Segment Start: Listed records

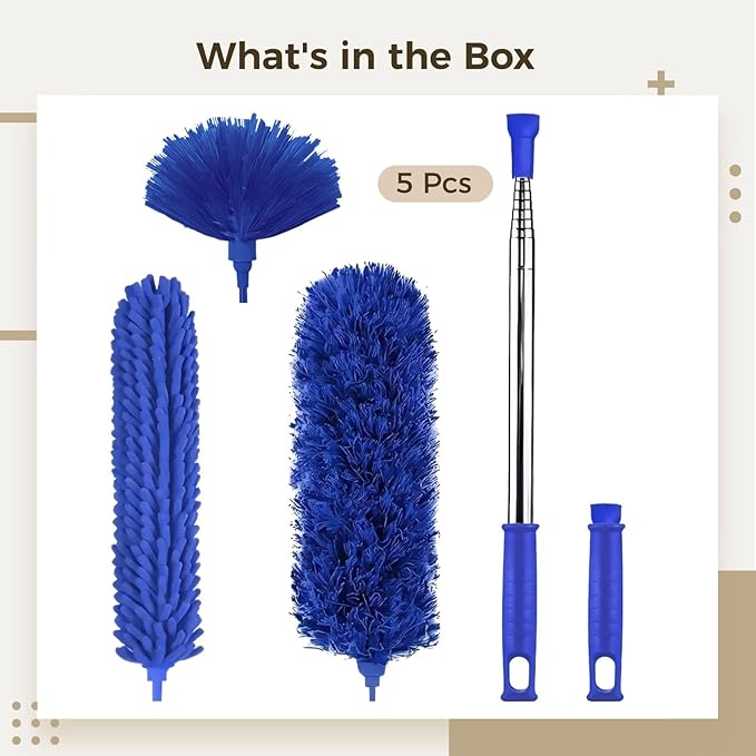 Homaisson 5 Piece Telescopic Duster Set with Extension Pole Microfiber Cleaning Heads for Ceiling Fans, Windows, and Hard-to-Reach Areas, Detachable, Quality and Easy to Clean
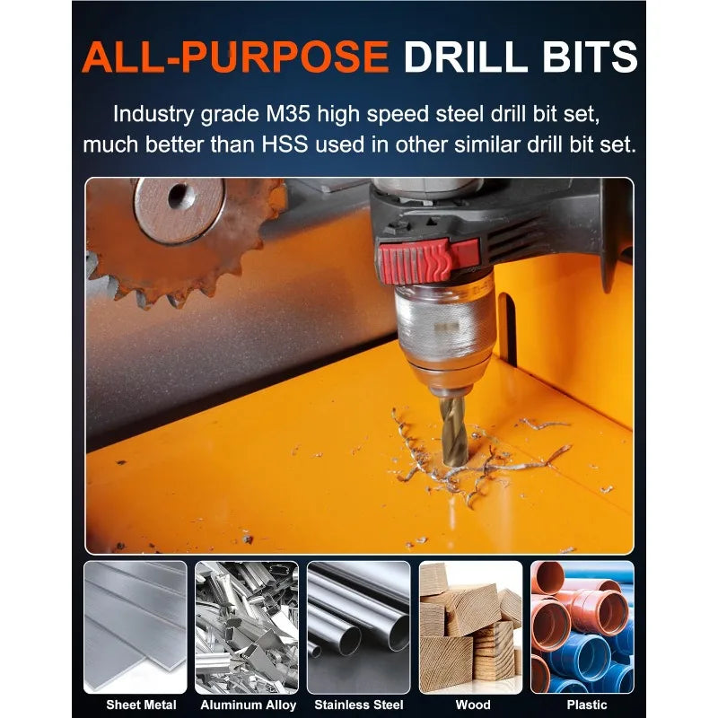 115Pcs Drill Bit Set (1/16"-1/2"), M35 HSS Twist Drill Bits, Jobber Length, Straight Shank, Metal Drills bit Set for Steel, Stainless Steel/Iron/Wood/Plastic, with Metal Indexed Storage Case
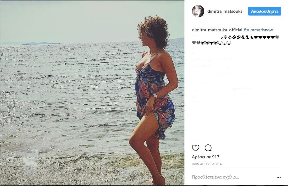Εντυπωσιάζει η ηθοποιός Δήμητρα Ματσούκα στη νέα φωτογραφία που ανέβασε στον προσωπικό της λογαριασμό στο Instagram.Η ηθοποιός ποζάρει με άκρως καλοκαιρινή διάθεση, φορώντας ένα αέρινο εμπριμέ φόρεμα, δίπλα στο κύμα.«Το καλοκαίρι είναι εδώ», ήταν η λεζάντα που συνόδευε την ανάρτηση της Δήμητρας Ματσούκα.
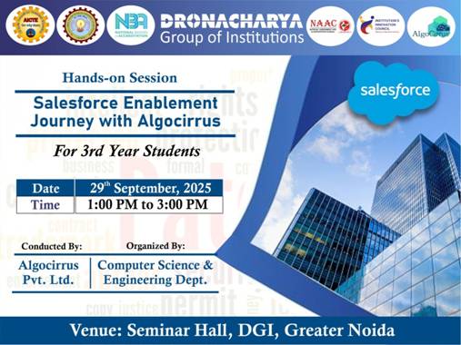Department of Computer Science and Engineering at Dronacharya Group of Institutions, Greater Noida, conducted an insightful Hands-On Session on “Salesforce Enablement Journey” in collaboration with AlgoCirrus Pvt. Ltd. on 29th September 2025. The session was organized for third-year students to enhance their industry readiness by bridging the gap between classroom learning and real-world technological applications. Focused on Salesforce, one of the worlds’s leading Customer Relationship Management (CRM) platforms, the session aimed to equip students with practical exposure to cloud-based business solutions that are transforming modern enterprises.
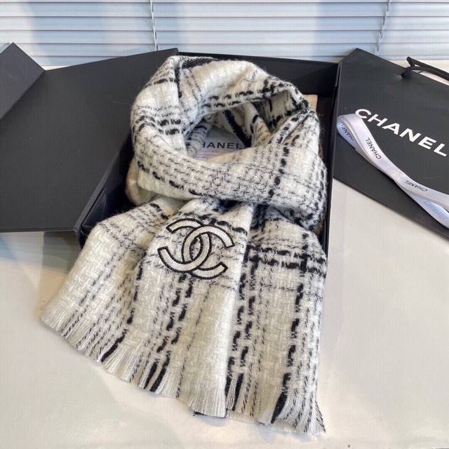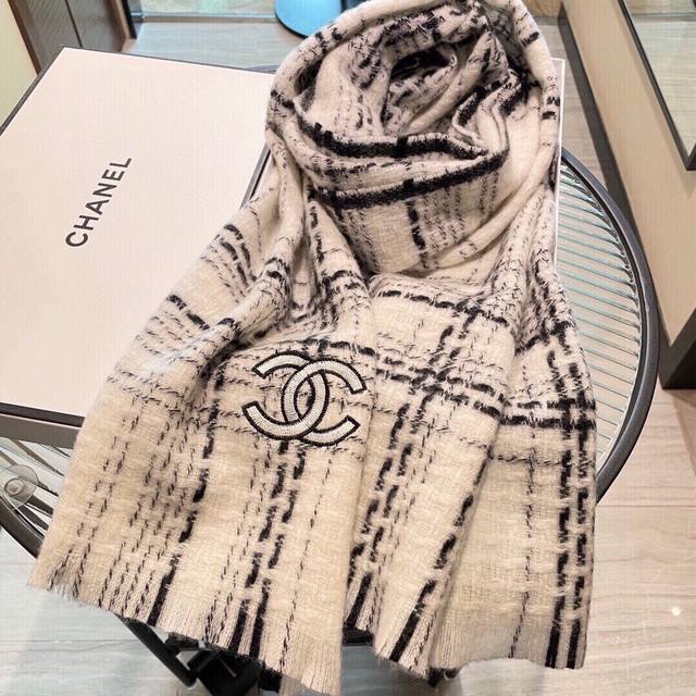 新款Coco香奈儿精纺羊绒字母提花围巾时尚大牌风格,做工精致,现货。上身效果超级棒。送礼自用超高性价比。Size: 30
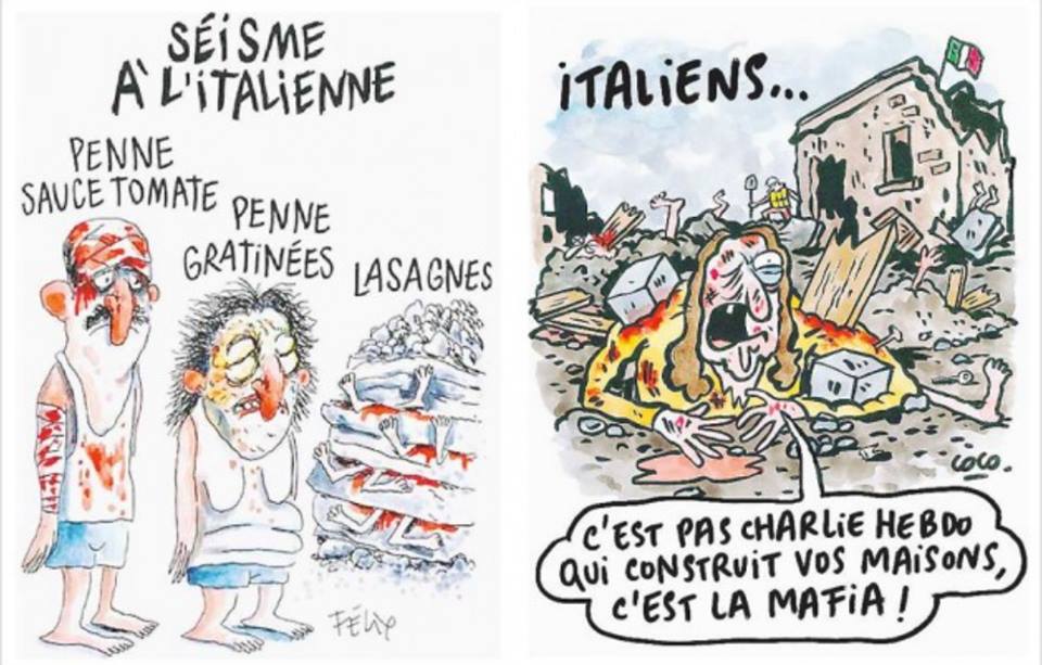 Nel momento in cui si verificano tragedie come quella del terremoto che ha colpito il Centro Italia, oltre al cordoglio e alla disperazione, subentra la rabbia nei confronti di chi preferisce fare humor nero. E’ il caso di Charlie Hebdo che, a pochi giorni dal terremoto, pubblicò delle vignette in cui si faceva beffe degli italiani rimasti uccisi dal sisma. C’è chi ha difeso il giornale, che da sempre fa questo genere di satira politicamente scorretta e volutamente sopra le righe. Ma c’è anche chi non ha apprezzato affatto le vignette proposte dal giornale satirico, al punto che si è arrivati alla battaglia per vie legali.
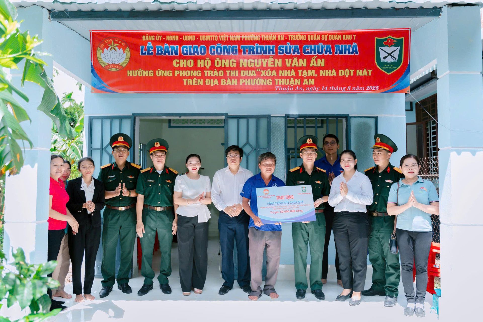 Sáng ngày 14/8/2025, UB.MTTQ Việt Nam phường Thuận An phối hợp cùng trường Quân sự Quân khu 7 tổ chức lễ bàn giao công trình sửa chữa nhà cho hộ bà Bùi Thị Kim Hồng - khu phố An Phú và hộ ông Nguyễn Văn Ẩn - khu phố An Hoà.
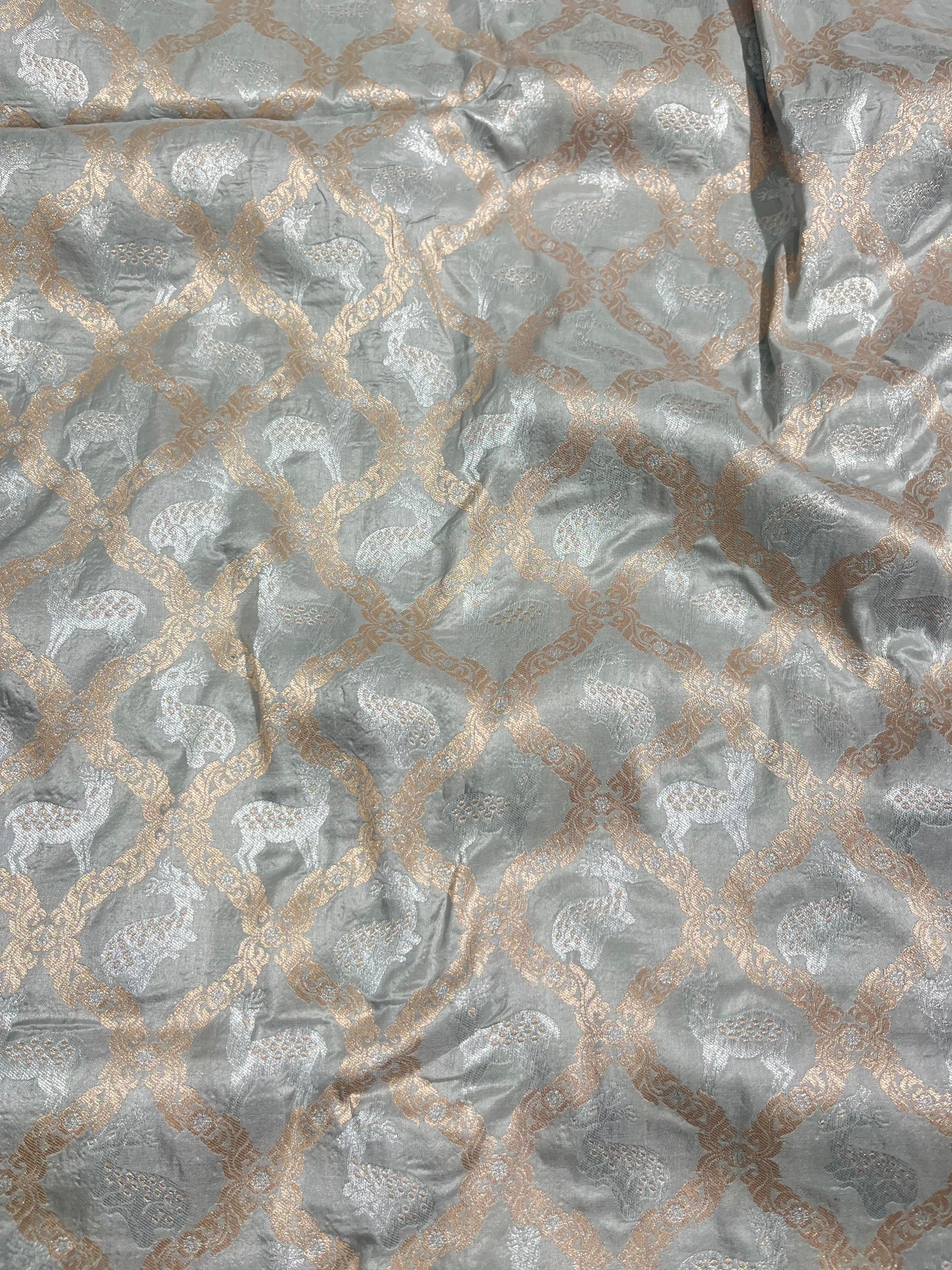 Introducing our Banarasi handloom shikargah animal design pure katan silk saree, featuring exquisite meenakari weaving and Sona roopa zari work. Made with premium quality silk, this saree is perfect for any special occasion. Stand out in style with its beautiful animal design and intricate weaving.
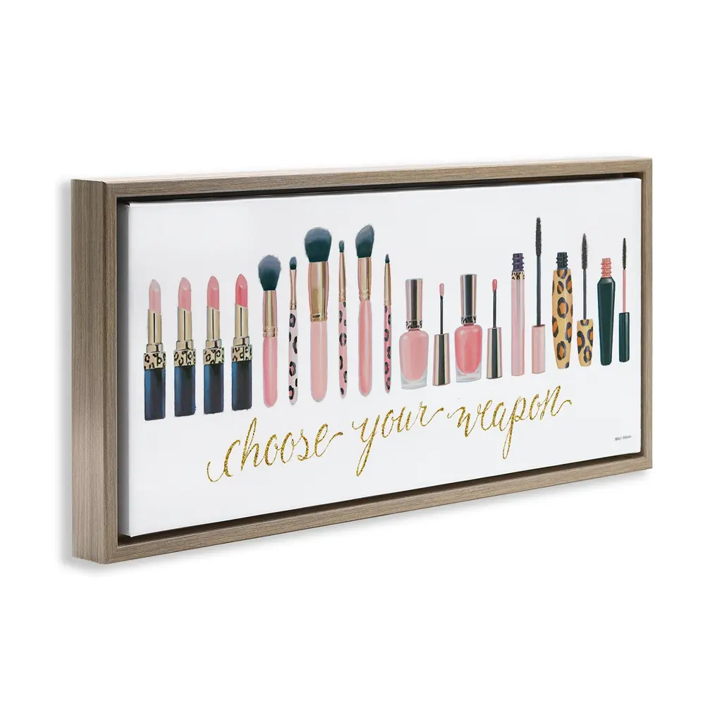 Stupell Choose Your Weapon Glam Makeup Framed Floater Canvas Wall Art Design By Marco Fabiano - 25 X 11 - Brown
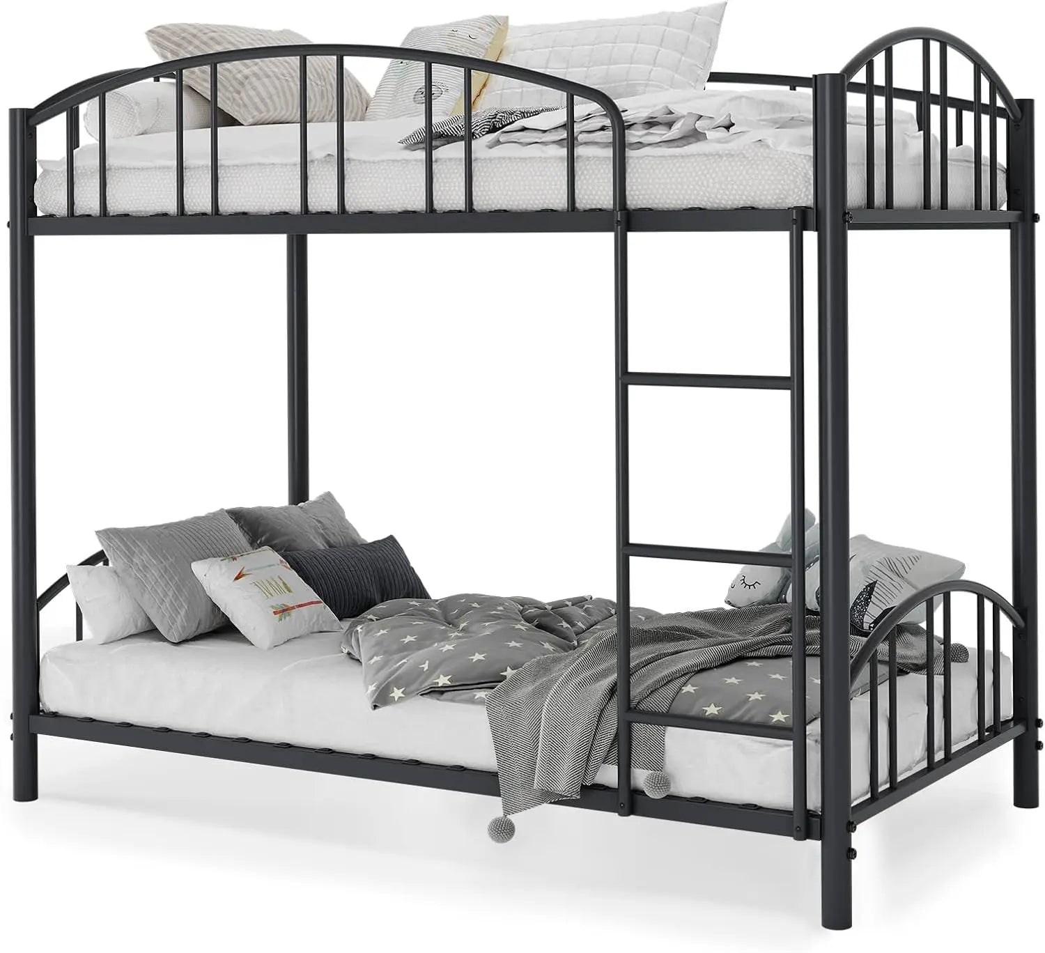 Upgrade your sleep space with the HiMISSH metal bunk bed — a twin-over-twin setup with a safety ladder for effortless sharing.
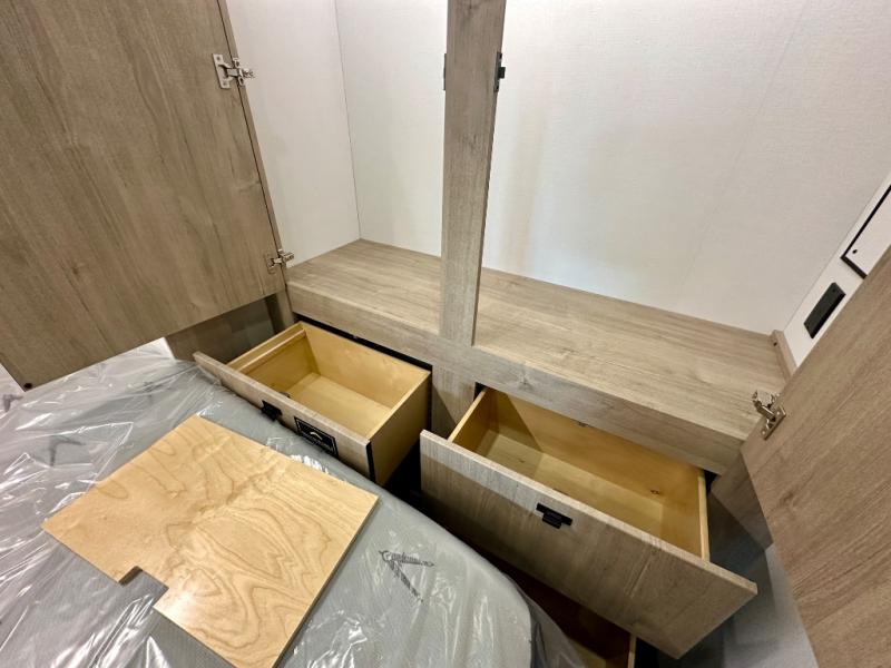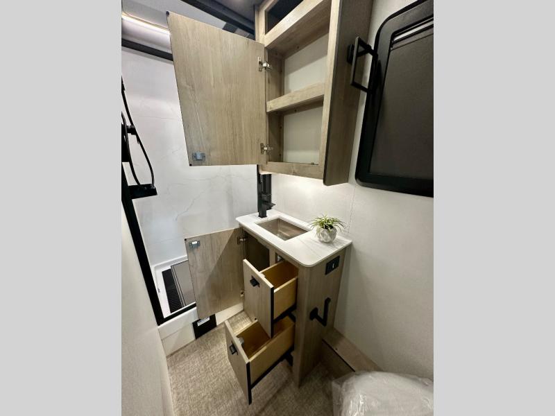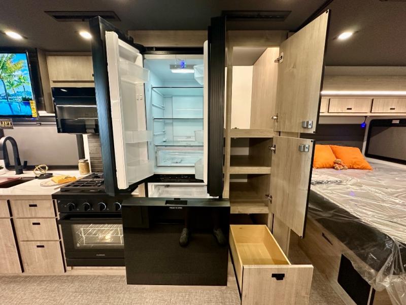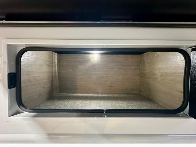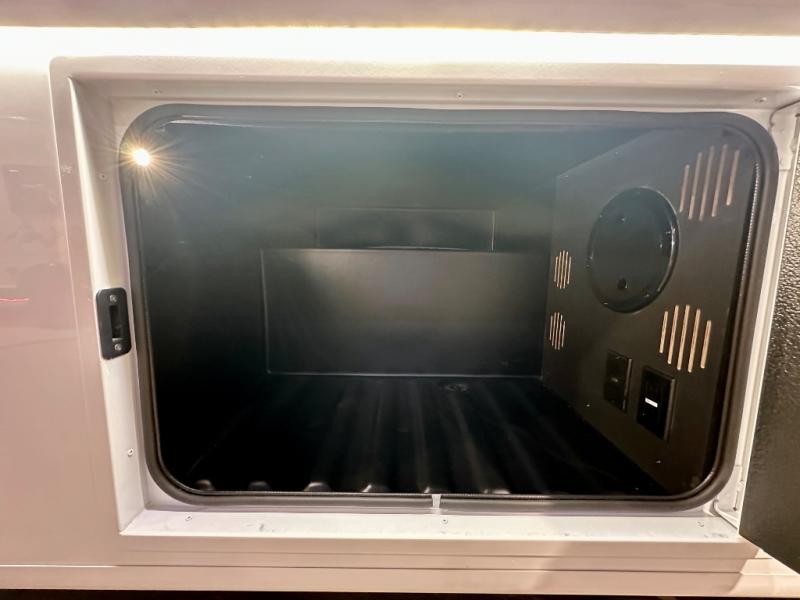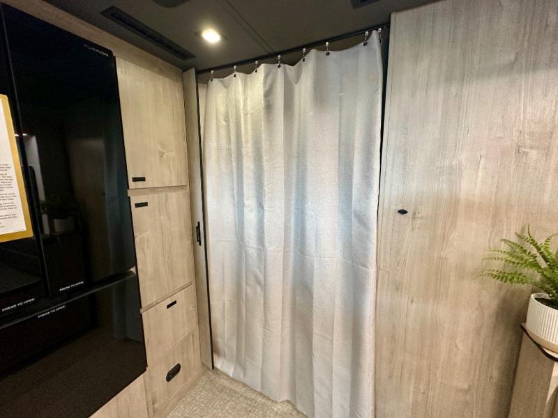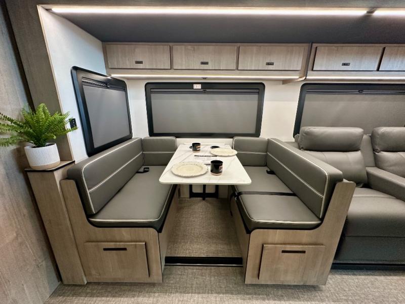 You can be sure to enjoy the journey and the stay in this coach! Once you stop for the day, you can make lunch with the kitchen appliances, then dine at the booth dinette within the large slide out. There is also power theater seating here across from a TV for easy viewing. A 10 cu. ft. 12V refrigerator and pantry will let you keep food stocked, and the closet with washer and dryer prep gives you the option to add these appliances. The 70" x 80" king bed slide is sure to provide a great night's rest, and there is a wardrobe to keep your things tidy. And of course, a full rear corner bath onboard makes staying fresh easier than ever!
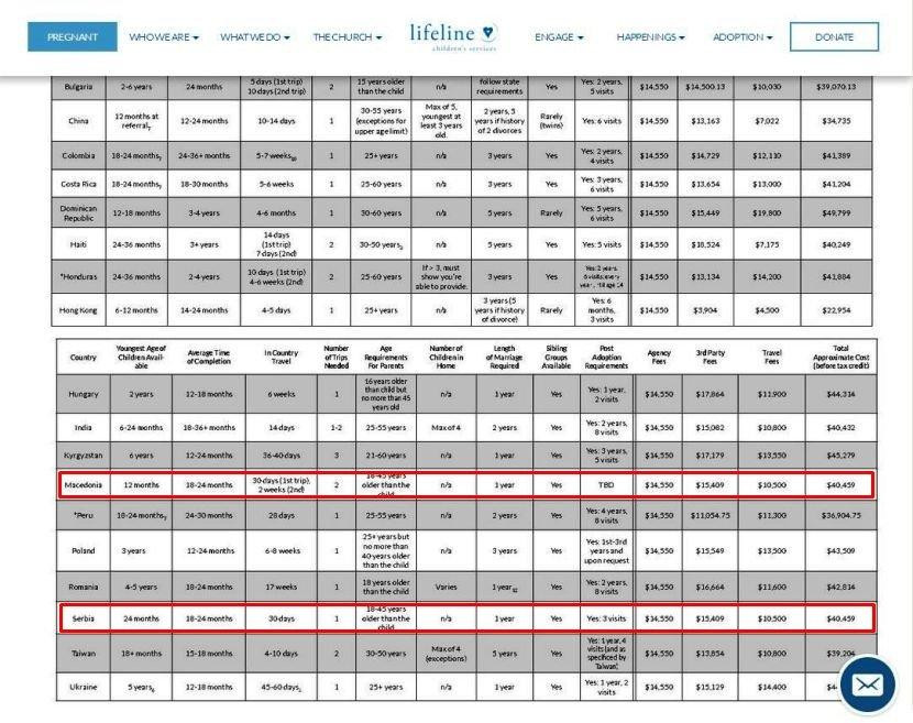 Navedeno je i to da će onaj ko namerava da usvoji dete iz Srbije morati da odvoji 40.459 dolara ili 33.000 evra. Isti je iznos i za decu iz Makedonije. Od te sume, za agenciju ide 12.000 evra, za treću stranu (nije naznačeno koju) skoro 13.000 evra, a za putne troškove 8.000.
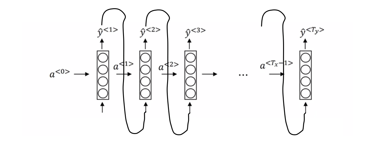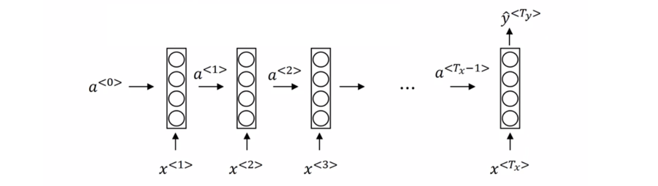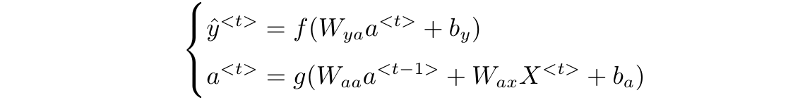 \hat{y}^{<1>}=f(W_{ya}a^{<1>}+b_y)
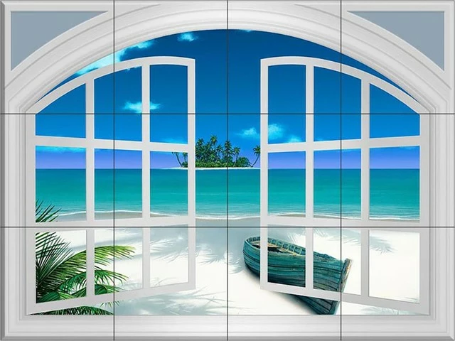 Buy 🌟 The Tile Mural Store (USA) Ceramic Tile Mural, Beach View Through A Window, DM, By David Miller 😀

Segment End: Listed records

→ **Your goal**: Nothing but the lines from the one with "Nel momento in" up to and including the one with "Upgrade your sleep" should be printed, exactly as they read above. Please keep the pictures out.

→ **Result below**:
 Nel momento in cui si verificano tragedie come quella del terremoto che ha colpito il Centro Italia, oltre al cordoglio e alla disperazione, subentra la rabbia nei confronti di chi preferisce fare humor nero. E’ il caso di Charlie Hebdo che, a pochi giorni dal terremoto, pubblicò delle vignette in cui si faceva beffe degli italiani rimasti uccisi dal sisma. C’è chi ha difeso il giornale, che da sempre fa questo genere di satira politicamente scorretta e volutamente sopra le righe. Ma c’è anche chi non ha apprezzato affatto le vignette proposte dal giornale satirico, al punto che si è arrivati alla battaglia per vie legali.
 Sáng ngày 14/8/2025, UB.MTTQ Việt Nam phường Thuận An phối hợp cùng trường Quân sự Quân khu 7 tổ chức lễ bàn giao công trình sửa chữa nhà cho hộ bà Bùi Thị Kim Hồng - khu phố An Phú và hộ ông Nguyễn Văn Ẩn - khu phố An Hoà.
 Introducing our Banarasi handloom shikargah animal design pure katan silk saree, featuring exquisite meenakari weaving and Sona roopa zari work. Made with premium quality silk, this saree is perfect for any special occasion. Stand out in style with its beautiful animal design and intricate weaving.
 Stupell Choose Your Weapon Glam Makeup Framed Floater Canvas Wall Art Design By Marco Fabiano - 25 X 11 - Brown
 Upgrade your sleep space with the HiMISSH metal bunk bed — a twin-over-twin setup with a safety ladder for effortless sharing.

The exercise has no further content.